Im Vergleich zur den Porträts Neuer Frauen wirken die Bildnisse der Neuen Männer konventioneller. Carlo Mense zeigt im „Bildnis Underberg“ (um 1925) den Großindustriellen vor einem Fensterausblick, während Christian Schad („Porträt eines Engländers“, 1926, und „Der Freimaurer“, 1929) und Wilhelm Schnarrenberger („Porträt eines Architekten“, 1923) ihren teils puppenhaft wirkenden Männern Attribute ihrer Berufe und Symbole zur Seite stellen. Einzig Rudolf Schlichters Bildnis „Der Dichter Oskar Maria Graf“ (1927) stellt die Persönlichkeit des Autors zum bildfüllender Wucht zur Diskussion. So stellt man sich einen Schreiber vor, der wenige Jahre später von den Nazis fordern wird, seine Bücher zu verbrennen. Was sie auch umgehend taten.
„Es handelt sich um die Ding-Entdeckung nach der Ich-Krise. Es handelt sich um eine Weltergreifung nach jener wichtigen Wandlung, die das schroff idealistische Zwischenspiel des letzten Jahrzehnts herbeigeführt hat.“ (Wilhelm Michel, 1925)
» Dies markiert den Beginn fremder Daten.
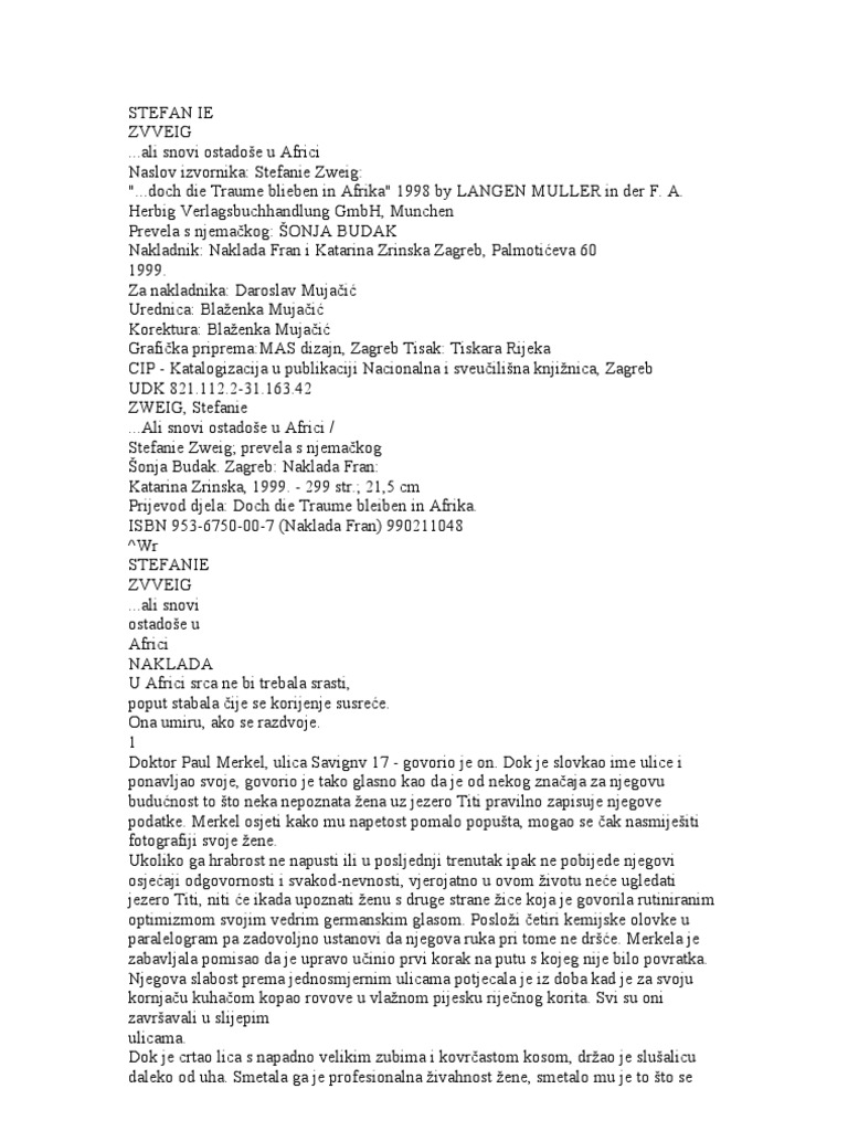 STEFANIE ZWEIG - Ali Snovi Ostadoše U Africi | PDF
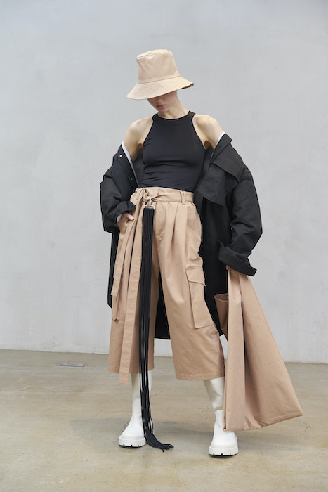 Брюки-карго, большие куртки с множеством карманов, панамы — не исключено, что дизайнеры Ushatava искали вдохновение для новой коллекции в магазине «Все для рыбалки». Основным декоративным элементом коллекции стала сетка, которая также напоминает о рыболовных снастях. Поверх плащей накидывают платки-сети, с брюками носят платье, сплетенное из веревок. Все эти вещи напоминают о летней коллекции Nanushka — надеемся, что российская марка не пыталась никого копировать, а просто следовала сезонным трендам.
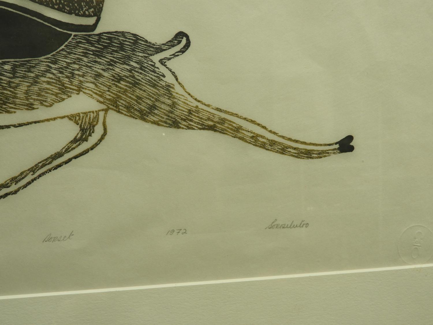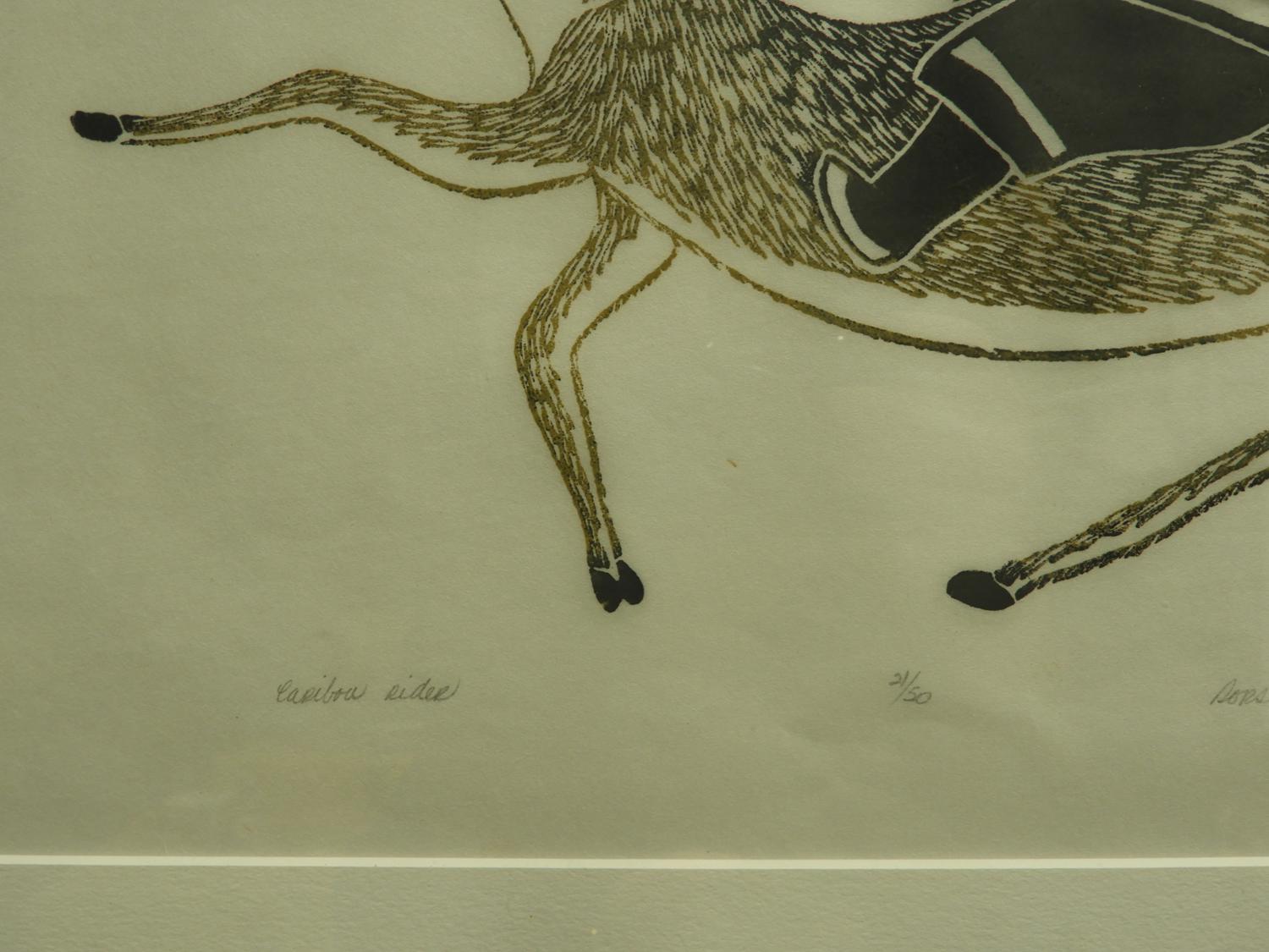 sorosilutoo, stonecut, 15" x 22", "caribou rider".

Was der Kunstkritiker Wilhelm Michel in der Geburtsstunde der Neuen Sachlichkeit als „Weltergreifung“ beschrieb, sollte durch die Machtergreifung der Nationalsozialisten mit parlamentarischen Mitteln 1933 beendet werden. Hatten einige neusachliche Künstler:innen anfangs noch gehofft, als Realisten anerkannt zu blieben, so wurde spätestens 1937 diese Vorstellung zerstört. Wenn ihnen nicht ihre expressionistischen Frühwerke vorgehalten wurden, so malten sie angeblich die falschen Themen. Manche opponierten als sozialkritische Linke. Emigration ins Ausland oder innere Emigration in Deutschland waren die einzigen Möglichkeiten auf die neuen Machthaber zu antworten. George Grosz konnte enttäuscht das Land in Richtung New York verlassen, während Karl Hofer einen einsamen „Rufer“ für sich und Eingeweihte schuf.
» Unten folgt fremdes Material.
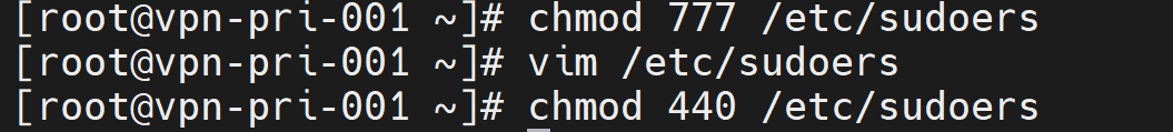 sudoers에 접근해서 권한부여를 한다.

Jüdische Künstler:innen hatten häufig nicht so viel Glück. Mit Felix Nussbaum endet die Ausstellung tragisch, wurde er doch mit seiner Frau mit dem letzten Zug aus dem besetzten Belgien nach Ausschwitz gebracht und ermordet. Mit dem „Orgelmann“ setzte der im Untergrund lebende Nussbaum ein deutliches Zeichen zur Vernichtung allen jüdischen Lebens im sog. „Dritten Reich“.
Kuratiert von Hans‑Peter Wipplinger.